▸ WHAT TO PRODUCE
After locating the line that contains "Bear Right Crossing" in the material below, copy that line and each one following it, exactly, up to the last line. Pictures stay out.

▸ SUPPLIED MATERIAL
· · ·

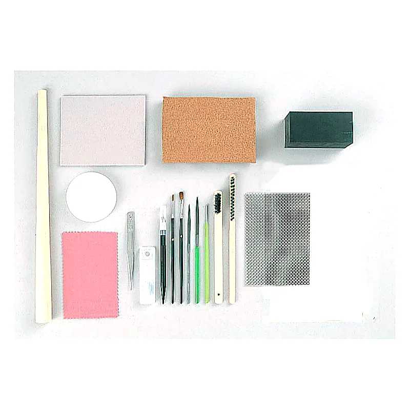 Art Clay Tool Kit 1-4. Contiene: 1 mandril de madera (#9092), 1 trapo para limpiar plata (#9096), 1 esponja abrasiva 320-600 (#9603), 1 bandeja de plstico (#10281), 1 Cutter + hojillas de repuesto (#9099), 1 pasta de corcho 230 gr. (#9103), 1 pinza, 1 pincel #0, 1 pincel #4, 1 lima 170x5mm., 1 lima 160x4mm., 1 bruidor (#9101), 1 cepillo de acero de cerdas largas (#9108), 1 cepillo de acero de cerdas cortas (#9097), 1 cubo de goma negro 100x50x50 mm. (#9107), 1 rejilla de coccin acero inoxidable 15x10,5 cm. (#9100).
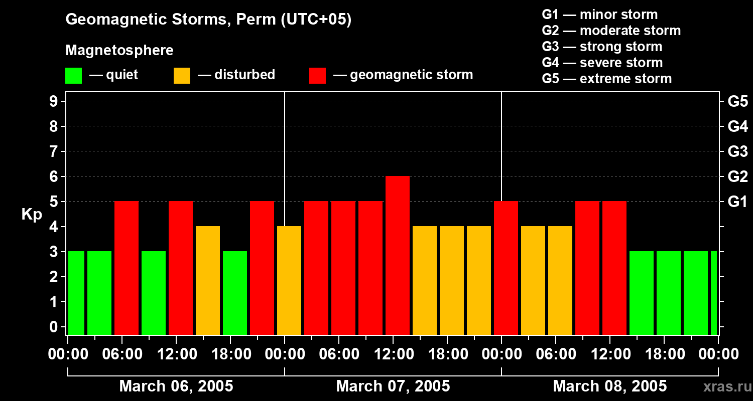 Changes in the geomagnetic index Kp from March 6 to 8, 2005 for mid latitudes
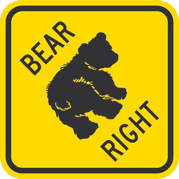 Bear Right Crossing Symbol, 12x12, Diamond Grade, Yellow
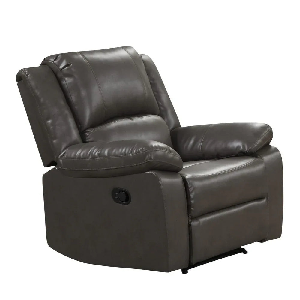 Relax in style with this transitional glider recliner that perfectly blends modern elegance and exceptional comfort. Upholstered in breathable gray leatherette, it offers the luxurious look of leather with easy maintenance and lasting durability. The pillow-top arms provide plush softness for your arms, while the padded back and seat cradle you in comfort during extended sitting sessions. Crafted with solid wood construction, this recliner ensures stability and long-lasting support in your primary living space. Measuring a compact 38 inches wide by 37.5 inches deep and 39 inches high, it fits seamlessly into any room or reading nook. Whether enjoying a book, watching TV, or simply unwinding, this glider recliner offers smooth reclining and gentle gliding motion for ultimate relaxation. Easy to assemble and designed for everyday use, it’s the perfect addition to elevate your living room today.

· · ·

▸ RESPONSE BOX
 Bear Right Crossing Symbol, 12x12, Diamond Grade, Yellow
 Relax in style with this transitional glider recliner that perfectly blends modern elegance and exceptional comfort. Upholstered in breathable gray leatherette, it offers the luxurious look of leather with easy maintenance and lasting durability. The pillow-top arms provide plush softness for your arms, while the padded back and seat cradle you in comfort during extended sitting sessions. Crafted with solid wood construction, this recliner ensures stability and long-lasting support in your primary living space. Measuring a compact 38 inches wide by 37.5 inches deep and 39 inches high, it fits seamlessly into any room or reading nook. Whether enjoying a book, watching TV, or simply unwinding, this glider recliner offers smooth reclining and gentle gliding motion for ultimate relaxation. Easy to assemble and designed for everyday use, it’s the perfect addition to elevate your living room today.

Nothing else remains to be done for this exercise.